__Work request__. When you reach the line containing "Voor maandag ophalen", begin reproducing the material exactly, stop after the line containing "子ども達ははじめの水槽からと", and leave out any pictures along the way.

__Exercise materials__.
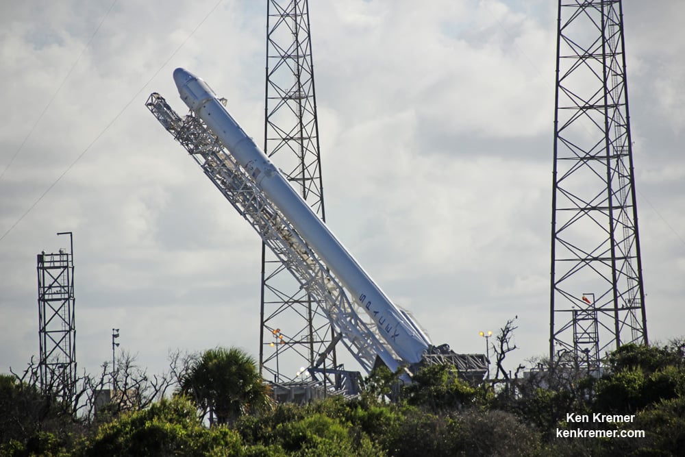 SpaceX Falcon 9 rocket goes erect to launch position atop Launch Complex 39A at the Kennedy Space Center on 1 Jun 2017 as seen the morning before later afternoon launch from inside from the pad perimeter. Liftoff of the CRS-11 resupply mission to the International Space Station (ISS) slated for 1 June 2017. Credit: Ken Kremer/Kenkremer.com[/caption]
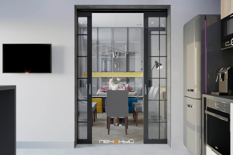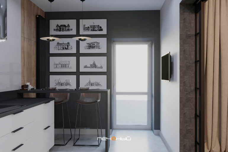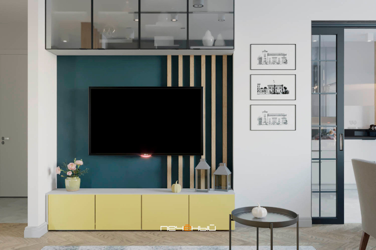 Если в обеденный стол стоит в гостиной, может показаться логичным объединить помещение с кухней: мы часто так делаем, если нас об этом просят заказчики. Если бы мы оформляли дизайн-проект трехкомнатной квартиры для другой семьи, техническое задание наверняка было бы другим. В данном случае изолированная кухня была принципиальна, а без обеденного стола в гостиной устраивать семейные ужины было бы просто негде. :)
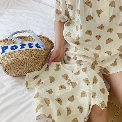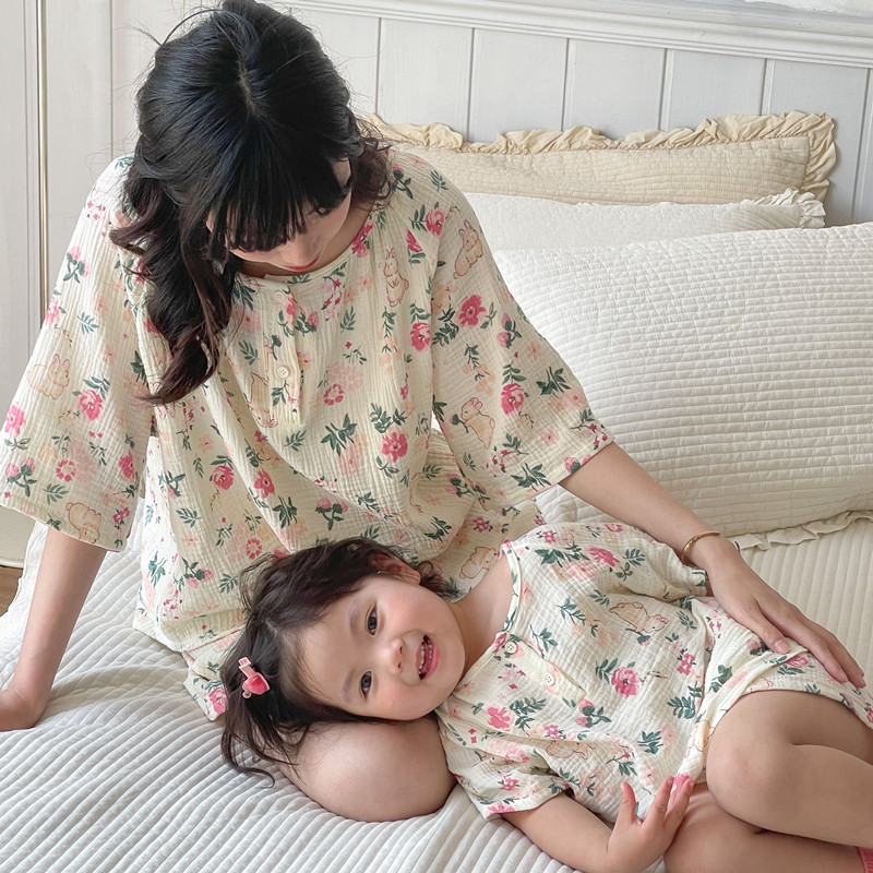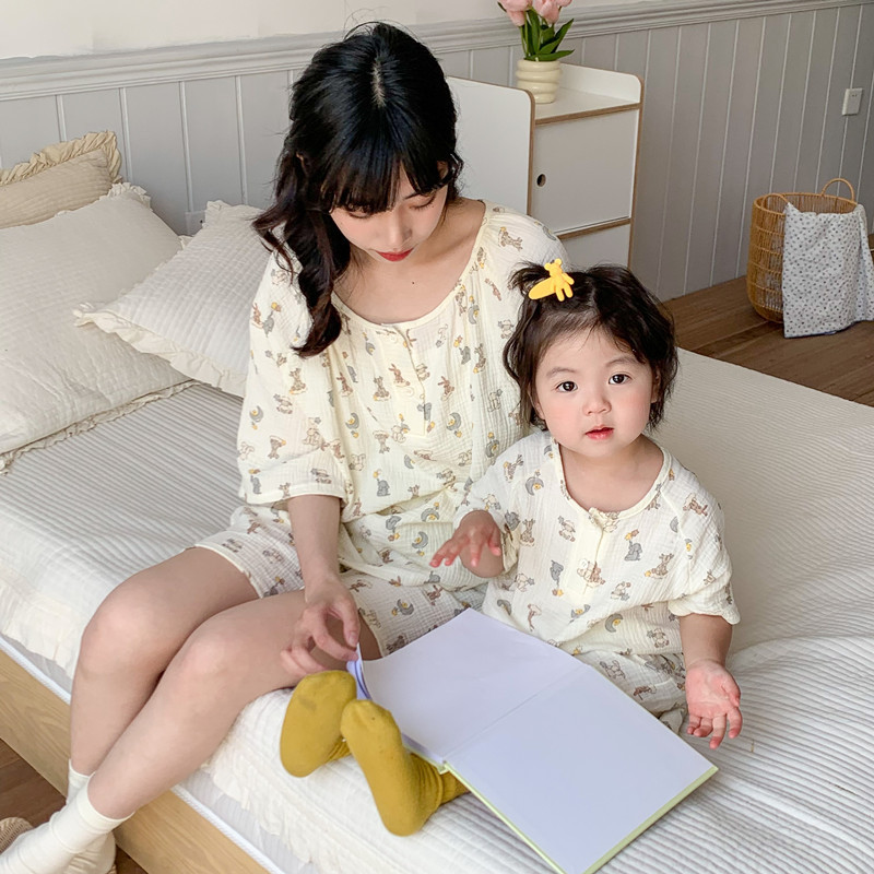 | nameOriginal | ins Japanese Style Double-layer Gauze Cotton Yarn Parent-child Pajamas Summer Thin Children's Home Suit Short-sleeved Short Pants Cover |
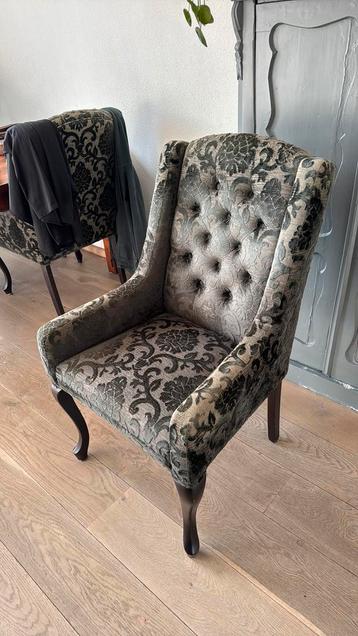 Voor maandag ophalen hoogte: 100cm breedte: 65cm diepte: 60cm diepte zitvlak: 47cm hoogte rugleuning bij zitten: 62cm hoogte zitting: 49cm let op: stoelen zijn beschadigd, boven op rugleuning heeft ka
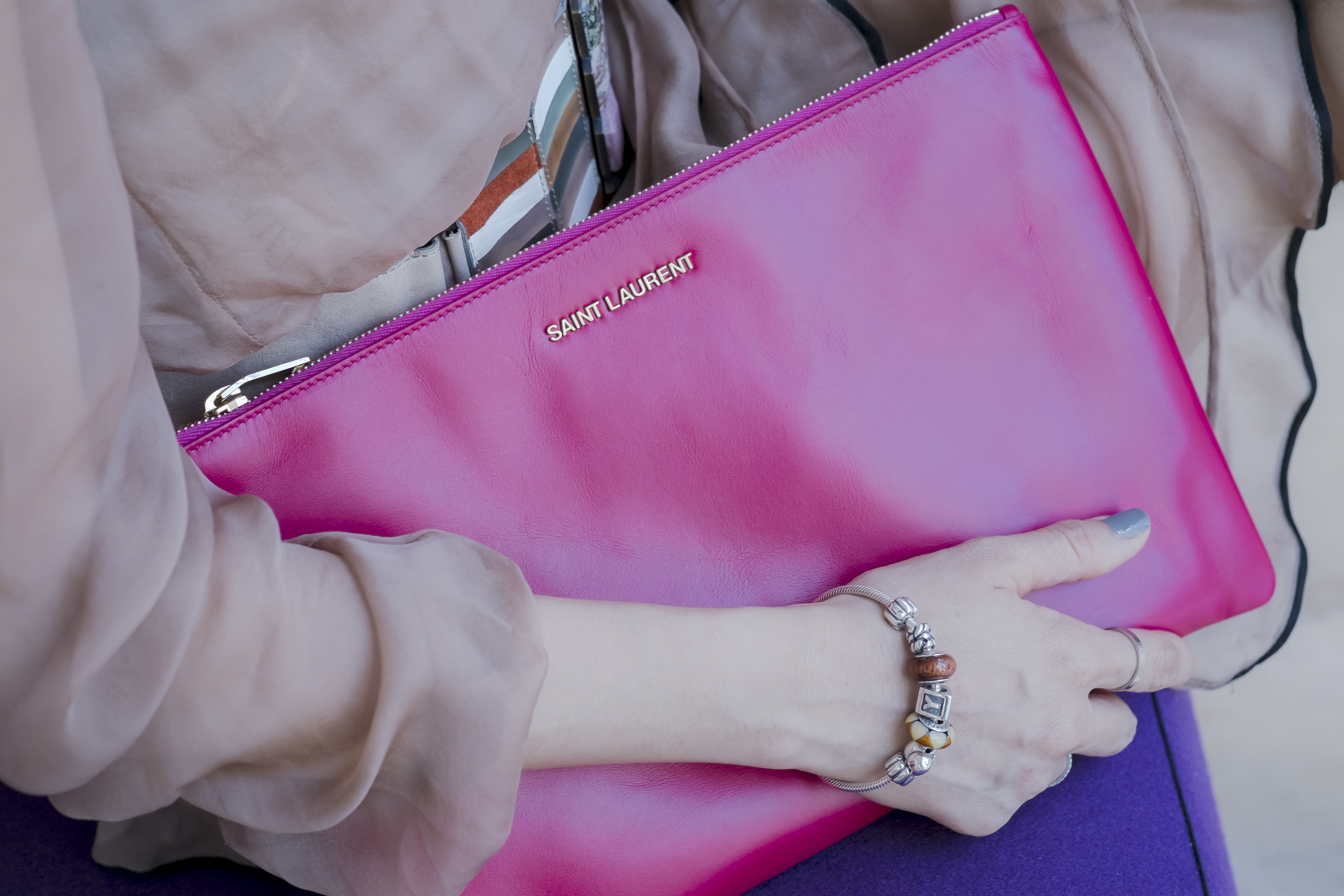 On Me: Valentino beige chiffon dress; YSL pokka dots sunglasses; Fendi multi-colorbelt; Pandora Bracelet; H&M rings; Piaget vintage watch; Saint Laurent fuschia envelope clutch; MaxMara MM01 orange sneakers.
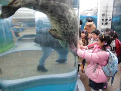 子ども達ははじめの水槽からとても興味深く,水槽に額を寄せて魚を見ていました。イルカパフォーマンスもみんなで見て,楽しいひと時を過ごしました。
* * *
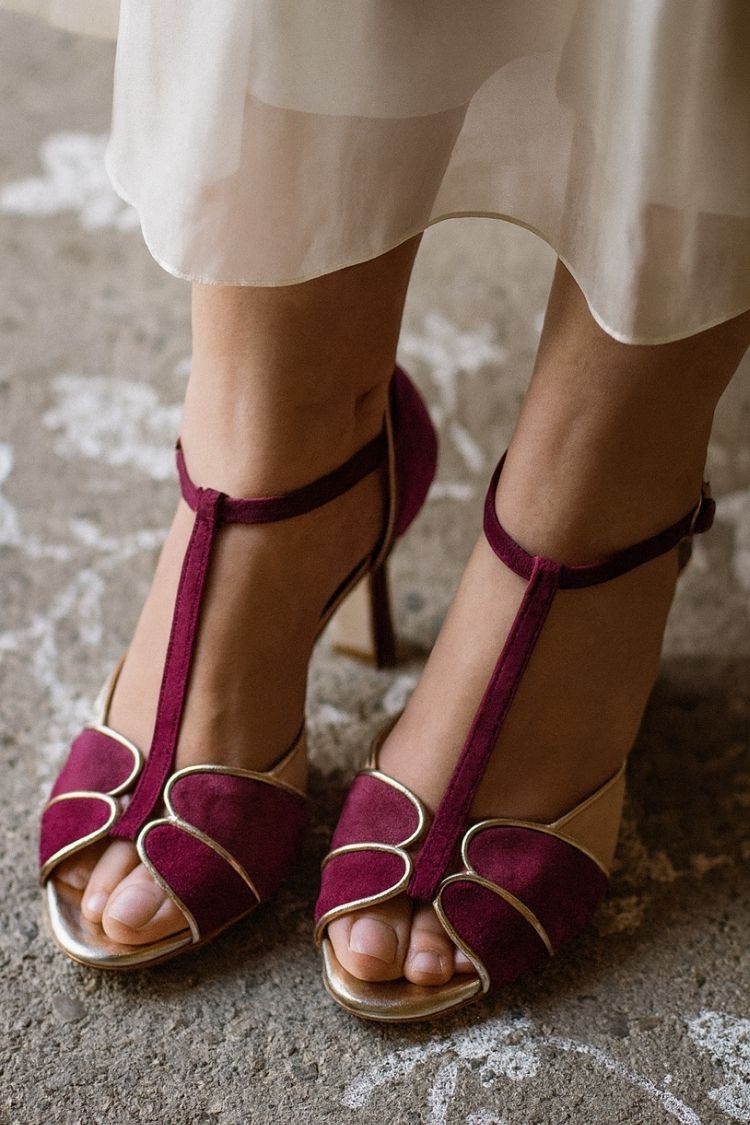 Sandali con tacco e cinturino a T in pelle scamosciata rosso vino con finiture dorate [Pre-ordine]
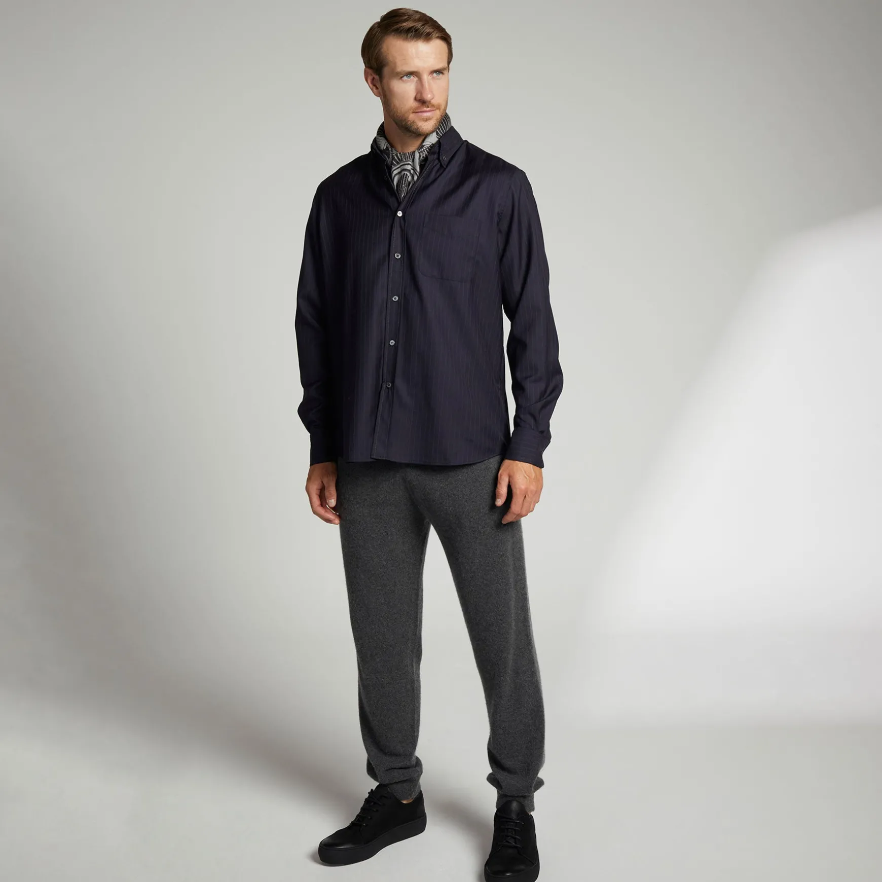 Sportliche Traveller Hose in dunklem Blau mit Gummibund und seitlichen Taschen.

__Answer for the task__.
 Voor maandag ophalen hoogte: 100cm breedte: 65cm diepte: 60cm diepte zitvlak: 47cm hoogte rugleuning bij zitten: 62cm hoogte zitting: 49cm let op: stoelen zijn beschadigd, boven op rugleuning heeft ka
 On Me: Valentino beige chiffon dress; YSL pokka dots sunglasses; Fendi multi-colorbelt; Pandora Bracelet; H&M rings; Piaget vintage watch; Saint Laurent fuschia envelope clutch; MaxMara MM01 orange sneakers.
 子ども達ははじめの水槽からとても興味深く,水槽に額を寄せて魚を見ていました。イルカパフォーマンスもみんなで見て,楽しいひと時を過ごしました。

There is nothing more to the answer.